Bruce Lilly wrote:
On Tue, Nov 11, 2014 at 7:21 AM, Andrew Gabriel <
illu...@cucumber.demon.co.uk> wrote
We currently support 32 bit and 64 bit kernel. A bug fix needs to work on
both 32 and 64 bit versions, so that would not be acceptable as a bug fix
for this issue (if it was something you were trying to fix in the distro).
There isn't anything specific in the program in question that would
definitively qualify as a "bug".
The program operates correctly e.g. even when compiled as a 32-bit
application on NetBSD:
# file grap
grap: ELF 32-bit LSB executable, Intel 80386, version 1 (SYSV), dynamically
linked (uses shared libs), for NetBSD 6.1.5, not stripped
# ./grap -d grap.defines test.grap | grep aligned
line invis "2038-01-20T23:59:59" aligned from Frame.Bottom.end + (0, -0.4)

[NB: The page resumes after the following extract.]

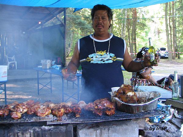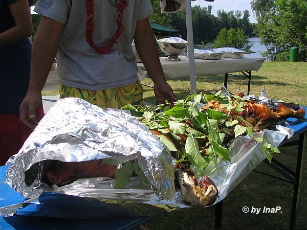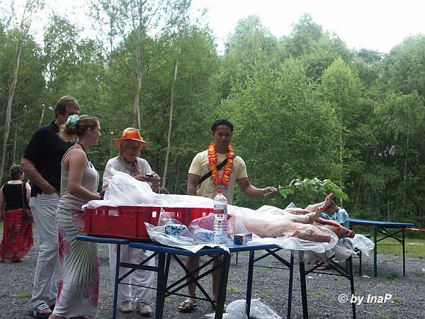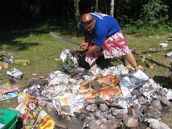 habe ich Tatsache verschlafen........ und war so gegen 10.00 auf dem Festgelände. Tradition wurde dieses Wochenende mal wieder gross geschrieben so auch mit dem Zubereiten der Mahlzeiten und große Stücke Fleisch, am liebsten kleine Schweine, werden da in einem Umu, dem Erdbackofen zubereitet.

to Frame.Bottom.start + (0, -0.4)
There are two parts of the problem, neither of which is specific to
application code:
1. 32-bit time_t provided by Solaris-derived kernel, run-time, and build
system is inadequate (well-known, long-standing issue)
2. default build on Solaris-derived 64-bit systems is 32-bits. Even though
the 64-bit version works as expected on OI, it isn't built as 64-bit
without special effort; i.e. by default anything using time_t is broken,
even on 64-bit OI.
Other OSes (e.g. NetBSD as shown above) have solved issue #1.
If issue #1 is solved on illumos, issue #2 becomes strictly a performance
tweak.
If there's a "bug" involved here, it is issue #1.
Issue #2 means that without special Solaris-specific effort, applications
using time_t or any library functions that directly or indirectly use
time_t may exhibit anomalous behavior when built for Solaris or illumos,
even on 64-bit systems.
Applications which need to handle dates outside of the operating system
time (such as dates of births, deaths, marriages, retirements, etc)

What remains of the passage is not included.